Investors should take a more defensive stance at least in the short term.
Palo Alto Networks (PANW) and toll brothers (TOL) reported earnings on Tuesday night. So did three big Ark Invest holdings: exact Sciences (EXA), Crispr Therapeutics (CRSP) and coin base (CURRENCY).
wing stop (ALA) and TJX because (TJX) report early Wednesday morning. Wingstop dipped below a buy point again on Tuesday, while shares of TJX are not far from an early entry into a shallow bottom.

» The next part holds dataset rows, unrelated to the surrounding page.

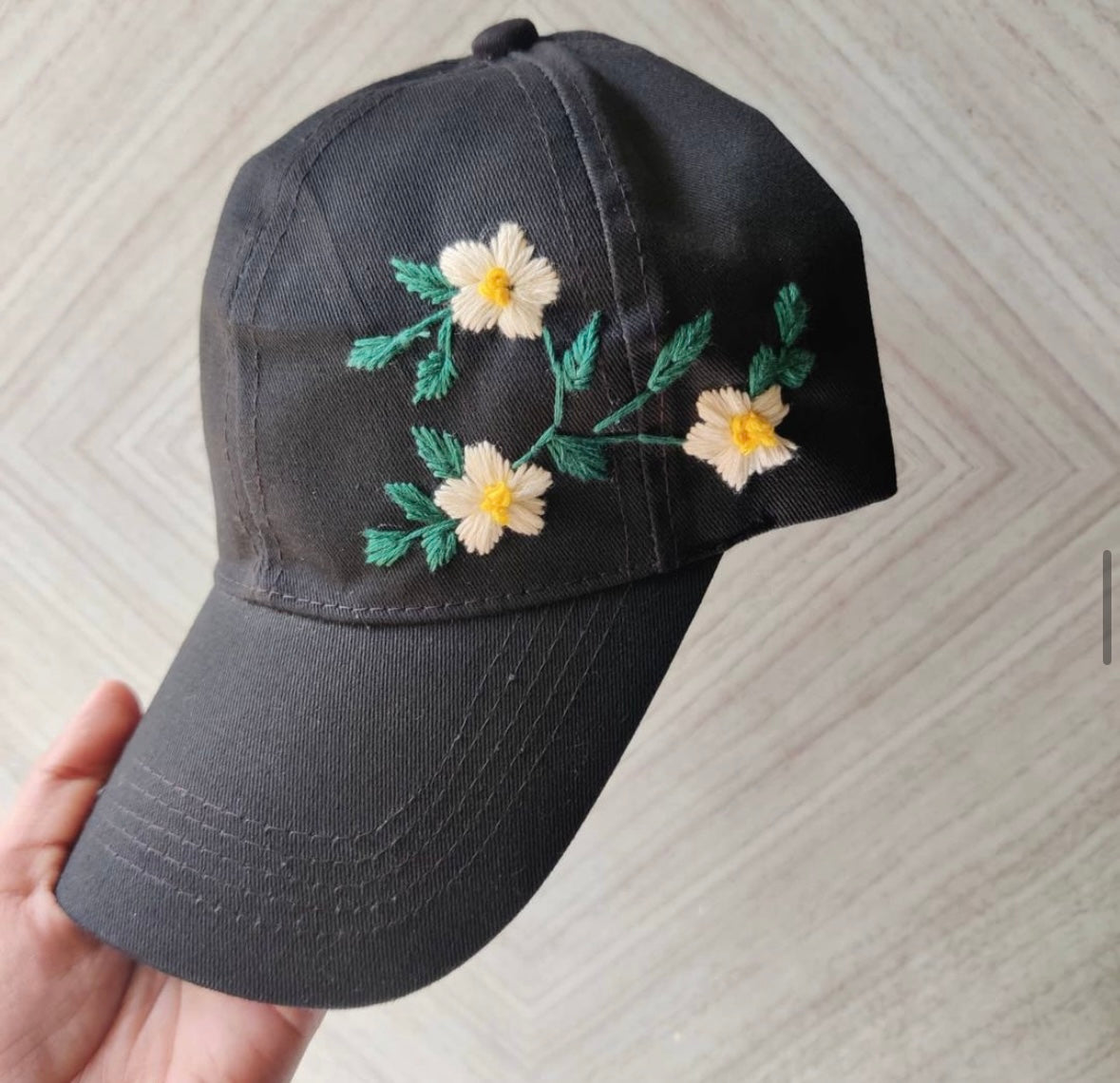 Stay protected from the sun while looking cute in our bespoke floral embroidered cap! Take a look at all the different colours available by clicking on the drop-down menu.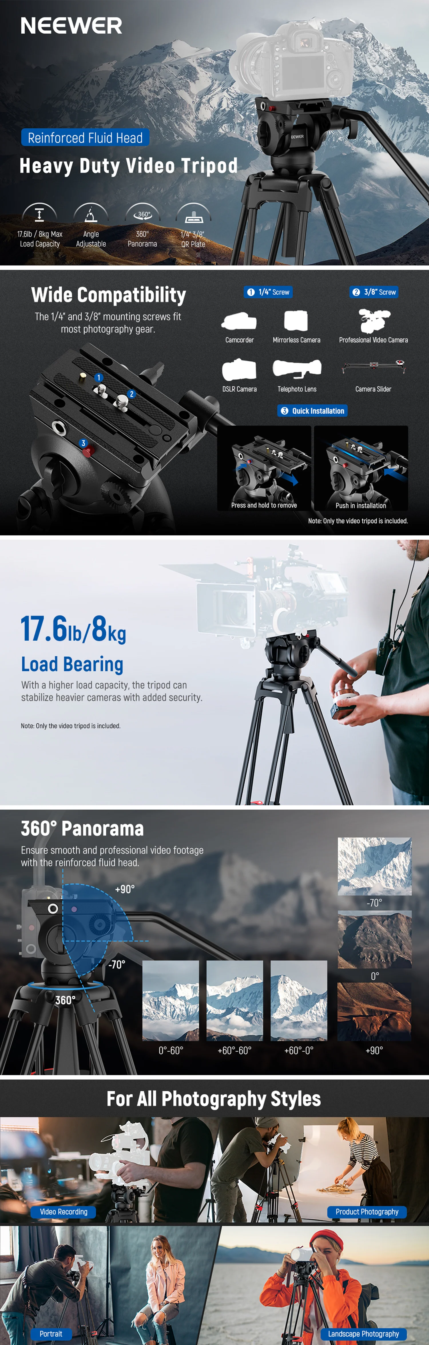 Trípode de Video Metálico Estable (Versión Básica) – Este trípode de cabezal fluido completamente metálico ofrece una estabilidad excepcional y está diseñado para soportar un uso riguroso. Cada pata está compuesta por tubos de varias filas, con un esparcidor triangular central y un chasis ampliado de 73mm que soporta hasta 17.6lb/8kg. Las patas de goma antideslizantes proporcionan un soporte estable en cualquier terreno y son resistentes al desgaste para una durabilidad prolongada. Ideal para filmación, grabación de video, fiestas, bodas, eventos deportivos, paisajes, etc.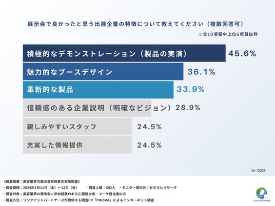 ・展示会で良かったと思う出展企業の特徴は、「積極的なデモンストレーション(製品の実演)」が最多の45.6%を占める結果に。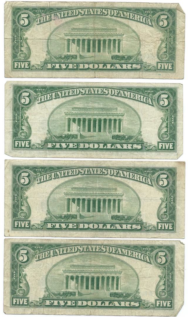 One 1953 $5 Silver Certificate Currency Lot of 4.

nvidia (NVDA) Earnings loom on Wednesday night, a key report for the chip sector and the overall market rally.
WING shares are on the IBD Leaderboard and IBD 50.
The video embedded in the article reviews Tuesday’s market sell-off and discusses autoliv (ALV), Lamb Weston and Wingstop.
Dow Jones Futures Today
Dow Jones futures were up 0.1% against fair value. S&P 500 futures advanced 0.1% and Nasdaq 100 futures rose 0.15%.
Remember that overnight action in Dow futures and elsewhere doesn’t necessarily translate into actual trading at the next regular stock market session.
key gains
PANW shares rose in late trading after Palo Alto earnings topped forecasts for the fiscal second quarter, but guidance was mixed. Palo Alto shares fell 1.4% to 166.89 on Tuesday, pulling back toward the 200-day line. A decisive move above last week’s high of 177.60 would clear resistance dating back several months, offering an entry.
TOL shares rose modestly after hours as fiscal first-quarter earnings topped views. Shares of Toll Brothers fell 2.6% on Tuesday to 55.70, nearing the 50-day and 10-week lines. After nearly doubling from last October through February 2, stocks fell back as Treasury yields recovered. But TOL shares have a handle cup buy point of 62.71.
EXAS shares fell modestly in overnight trading after Exact Sciences topped fourth-quarter views, but gave guidance in line for 2023. Exact Sciences shares could test the 50-day line on Wednesday after falling a 3 .5% to 61.26 on Tuesday.
CRSP shares rose slightly in extended action. Crispr reported a lower-than-expected fourth-quarter loss and said it is on track to complete its FDA submission by the end of the first quarter for its gene-edited therapy to treat sickle cell disease and transfusion-dependent beta-thalassemia. Crispr shares sank 4.8% on Tuesday to 62.07, dipping below the 50-day line.
COIN shares were lower overnight as Coinbase reported a slightly smaller-than-expected fourth-quarter loss as revenue fell 75%. COIN shares fell 8.4% to 46.63 on Tuesday, back to the 200 and 21-day lines. Investors could view a decisive bounce from these levels as something of an aggressive entry.
Shares of WING fell 4.2% to 166.21 on heavy volume on Tuesday, slipping below a cup-handle buy point of 169.04 that sold off last week, according to MarketSmith analysis.
TJX shares fell 1.3% to 78.82, slightly below the 50-day line on a 6%-deep flat basis. The official buy point is 83.23, but a strong move above the 50-day line would also break a trend line entry.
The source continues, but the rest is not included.